How do I grant DescribeAvailabilityZones permission to an Admin?

Hello,

As I understand it you are having difficulty following the the Apache Superset reference deployment found here https://aws.amazon.com/quickstart/architecture/apache-superset/ You say you are getting the AccessDenied error. User doesn't have permission to call ec2:DescribeAvailabilityZones. error when attempting to deploy to CloudFormation.

I tried recreating your situation by creating a user in a user group with AdministratorAccess permissions. I went through the apache-superset guide you linked and did not run into the ec2:DescribeAvailabilityZones accessed denied error.

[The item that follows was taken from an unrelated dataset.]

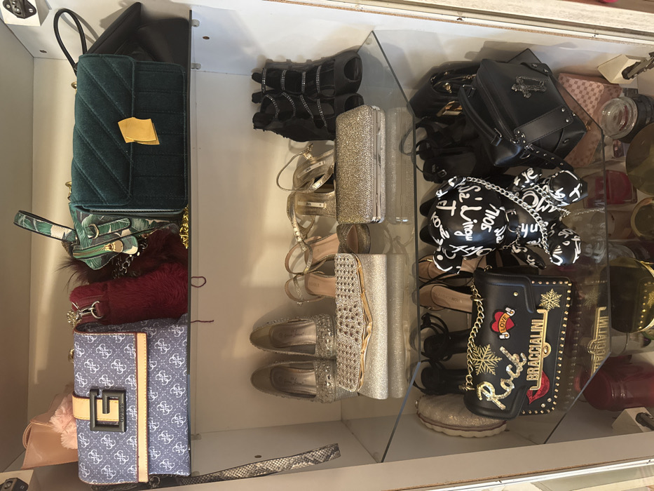The image displays the interior of a brightly lit, white-backed display cabinet or closet with three glass shelves and a solid bottom shelf, organized with various fashion accessories. The specific location within the city of Plovdiv, Bulgaria, cannot be determined from the provided image, which depicts an indoor setting. On the uppermost solid shelf, from left to right: a light blue Guess handbag with a repeating "G" logo pattern and a prominent gold-colored "G" clasp on a light brown strap is visible. Behind it, a soft pink item is partially obscured. Next, a small, deep red, textured bag or charm is present, followed by a dark green bag with a tropical leaf pattern. To the right, a dark teal/emerald green quilted handbag featuring a distinct gold-colored metal clasp is displayed. A plain black handbag is partially visible further to the right. A long, thin, patterned strap, resembling snakeskin print, hangs vertically down the left side, extending to the shelf below. The second, glass shelf features, from left to right: two silver-colored high-heeled shoes, possibly pumps or wedges, with embellished surfaces, positioned facing the rear of the cabinet. In the center, two glittering silver-colored clutch bags are arranged; the left clutch has a textured, possibly reptilian pattern on its flap and rests on a larger, simpler glittering silver clutch, while the right clutch is a rectangular, simpler glittering silver design. To the right, two pairs of high-heeled shoes are visible: one pair of strappy gold-colored sandals and one pair of black open-toed ankle boots with multiple silver-colored rhinestone straps. On the third, glass shelf, from left to right: a pair of light-colored, possibly beige or silver, flat shoes or slippers are on the far left. Next, a black handbag with gold studs, an embroidered "Rock" in gold, a red heart emblem, and a gold "BRACCIALINI" plaque is centrally placed, featuring a gold chain strap. Behind it, several pairs of dark-colored high-heeled sandals or shoes are partially visible. To its right, a black bear-shaped figure, possibly a decorative item or bag, is covered in white graffiti-style text and adorned with a silver-colored chain. Further to the right, a structured black handbag with silver-colored studs and a silver-colored cross emblem is visible. A light pink or beige patterned box or object is partially obscured behind this handbag. The bottom shelf, partially visible, contains various dark-colored, indistinct objects, including red cylindrical containers on the left, a reflective gold-colored object in the center, and a dark, clear container with a lid on the right. No people are present in the scene, and all depicted objects are static.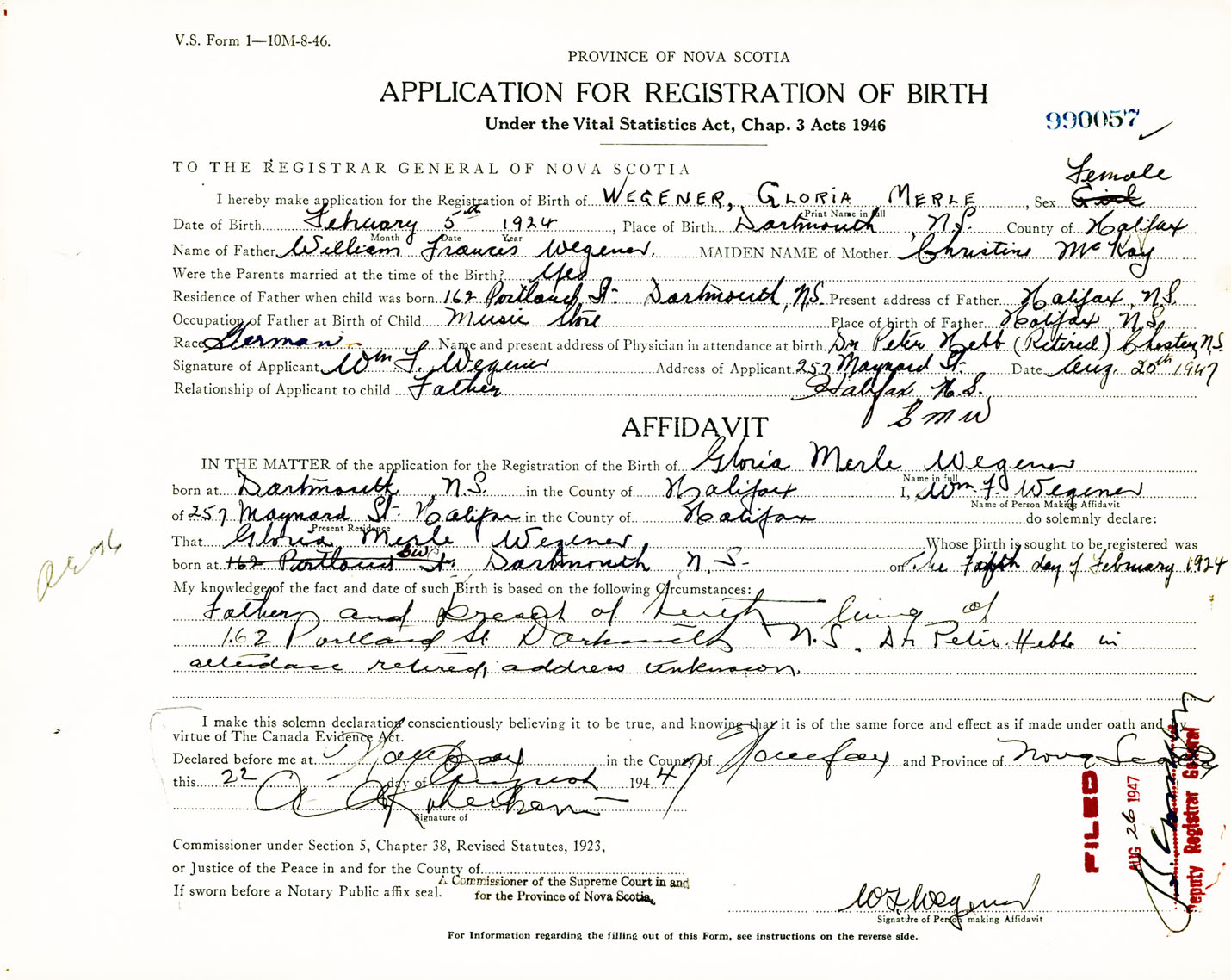 Signature of Applicant William F. Wegener Address of Applicant 257 Maynard Street, Halifax, NS Date 20 August 1947

1. Could you confirm that you are logged in on a user whose user group has AdministratorAccess permissions. You can use the command 'aws sts get-caller-identity' to get details on your IAM User or Role.
2. Could you confirm what step of the apache-superset guide you are experiencing this error?
3. Could you check if your AWS account is under AWS Organizations. If this is the case, there could be a Service Control Policy (SCP) that is preventing you access to ec2:DescribeAvailabilityZones. You can read more about SCPs here https://docs.aws.amazon.com/organizations/latest/userguide/orgs_manage_policies_scps.html

You can read more about IAM permission access here https://aws.amazon.com/premiumsupport/knowledge-center/troubleshoot-iam-permission-errors/

Also, it is recommended that you include any command outputs in a support ticket instead of here to keep your information secure. re:Post is a public platform and it is best to keep any information that could expose the architecture of your account in a more private setting like a support ticket.

I hope I could help, if you are still having problems you may need to open a support ticket.